Further down are entries; set down exactly and only the lines from the one with "Es ging dann" up to and including the one with "19.01.2018 с 12.00", dropping each picture.

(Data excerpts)
=== Begin Enclosure ===

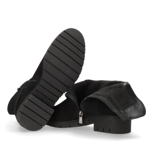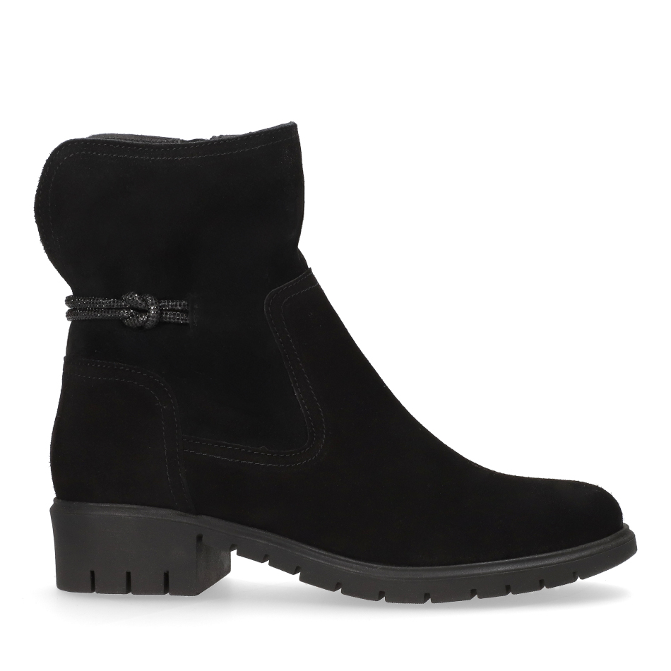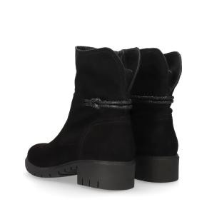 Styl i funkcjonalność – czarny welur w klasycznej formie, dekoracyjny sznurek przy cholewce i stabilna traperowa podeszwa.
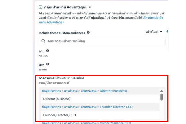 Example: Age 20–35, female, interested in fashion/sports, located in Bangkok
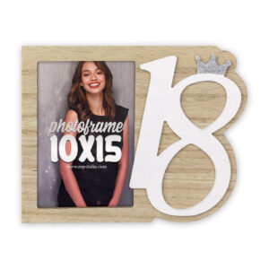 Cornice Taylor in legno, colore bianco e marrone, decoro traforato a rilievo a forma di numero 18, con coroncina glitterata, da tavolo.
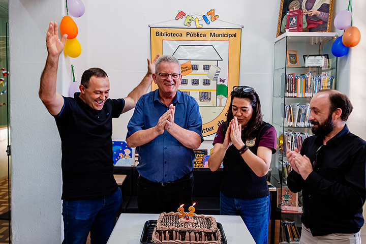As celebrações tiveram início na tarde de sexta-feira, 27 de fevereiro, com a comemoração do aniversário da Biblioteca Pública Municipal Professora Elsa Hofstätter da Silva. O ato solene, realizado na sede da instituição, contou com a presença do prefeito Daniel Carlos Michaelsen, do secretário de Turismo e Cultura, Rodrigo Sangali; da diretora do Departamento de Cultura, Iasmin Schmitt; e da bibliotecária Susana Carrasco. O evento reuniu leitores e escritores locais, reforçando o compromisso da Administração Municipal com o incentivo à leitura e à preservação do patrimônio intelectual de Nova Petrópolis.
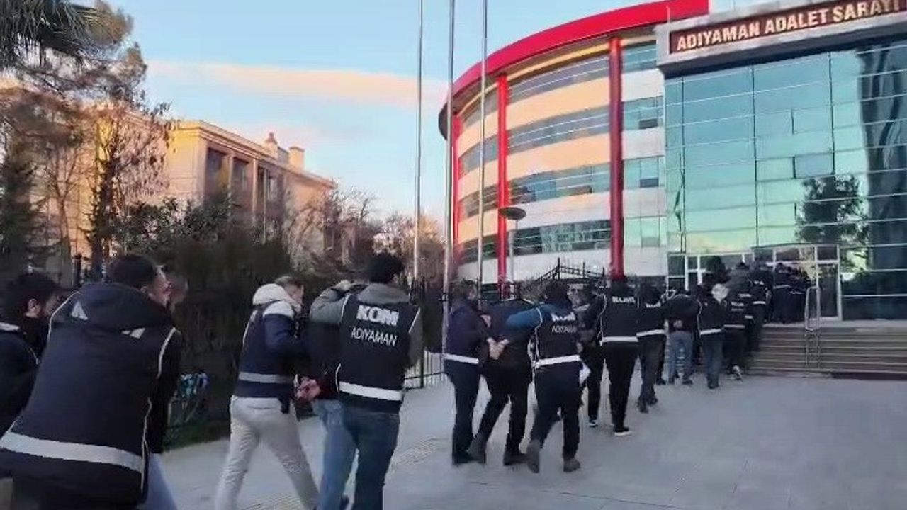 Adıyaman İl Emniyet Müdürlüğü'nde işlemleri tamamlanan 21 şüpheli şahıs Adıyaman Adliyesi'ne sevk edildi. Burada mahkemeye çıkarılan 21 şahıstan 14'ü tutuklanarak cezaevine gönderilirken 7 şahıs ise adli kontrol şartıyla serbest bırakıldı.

=== End Enclosure ===
=== Begin Enclosure ===

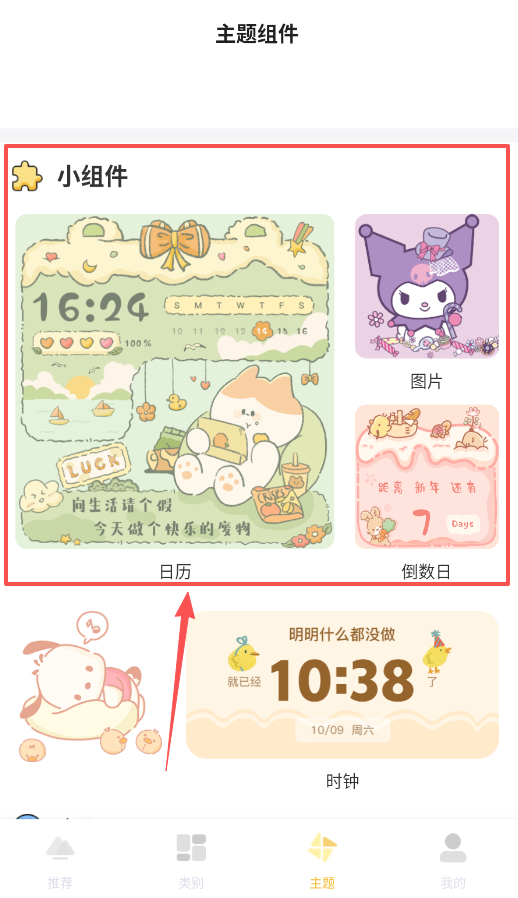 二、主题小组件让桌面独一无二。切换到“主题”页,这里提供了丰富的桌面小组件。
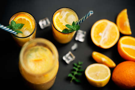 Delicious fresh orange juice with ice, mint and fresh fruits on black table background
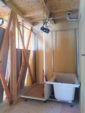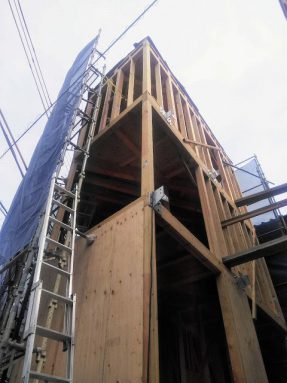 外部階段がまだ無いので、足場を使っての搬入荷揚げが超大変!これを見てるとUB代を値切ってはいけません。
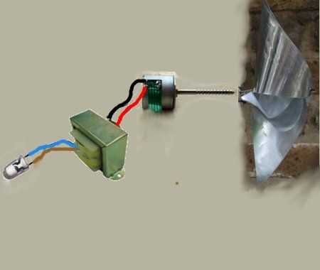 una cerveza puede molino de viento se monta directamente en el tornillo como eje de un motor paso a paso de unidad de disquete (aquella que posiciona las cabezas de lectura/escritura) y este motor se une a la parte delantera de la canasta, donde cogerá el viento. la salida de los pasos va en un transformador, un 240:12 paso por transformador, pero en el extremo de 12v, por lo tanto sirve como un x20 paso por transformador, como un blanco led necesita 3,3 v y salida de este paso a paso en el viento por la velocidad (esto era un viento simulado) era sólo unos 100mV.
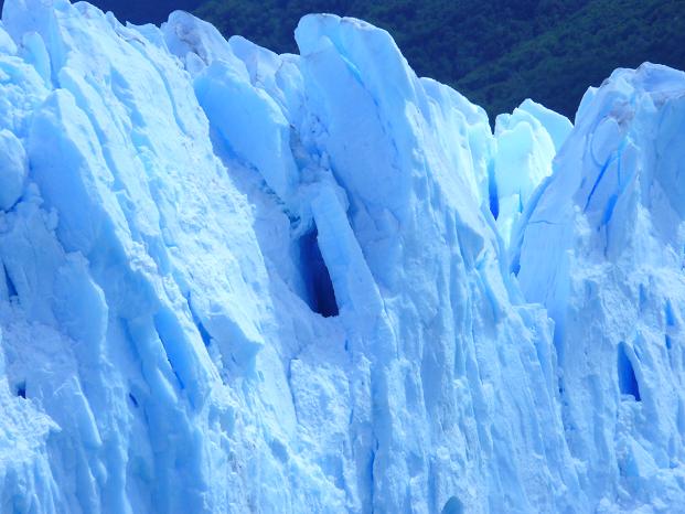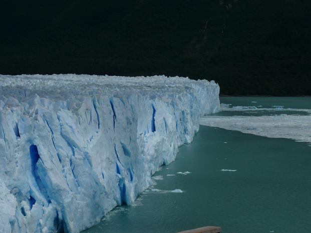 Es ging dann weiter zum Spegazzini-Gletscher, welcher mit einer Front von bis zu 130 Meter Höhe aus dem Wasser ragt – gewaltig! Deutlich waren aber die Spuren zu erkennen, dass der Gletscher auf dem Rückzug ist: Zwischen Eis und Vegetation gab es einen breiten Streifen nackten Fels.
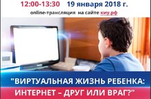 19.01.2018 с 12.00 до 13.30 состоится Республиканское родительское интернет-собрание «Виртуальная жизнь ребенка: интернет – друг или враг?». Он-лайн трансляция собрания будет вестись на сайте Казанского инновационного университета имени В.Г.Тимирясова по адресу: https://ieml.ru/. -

=== End Enclosure ===

THE COMPLETED TASK:
 Es ging dann weiter zum Spegazzini-Gletscher, welcher mit einer Front von bis zu 130 Meter Höhe aus dem Wasser ragt – gewaltig! Deutlich waren aber die Spuren zu erkennen, dass der Gletscher auf dem Rückzug ist: Zwischen Eis und Vegetation gab es einen breiten Streifen nackten Fels.
 19.01.2018 с 12.00 до 13.30 состоится Республиканское родительское интернет-собрание «Виртуальная жизнь ребенка: интернет – друг или враг?». Он-лайн трансляция собрания будет вестись на сайте Казанского инновационного университета имени В.Г.Тимирясова по адресу: https://ieml.ru/. -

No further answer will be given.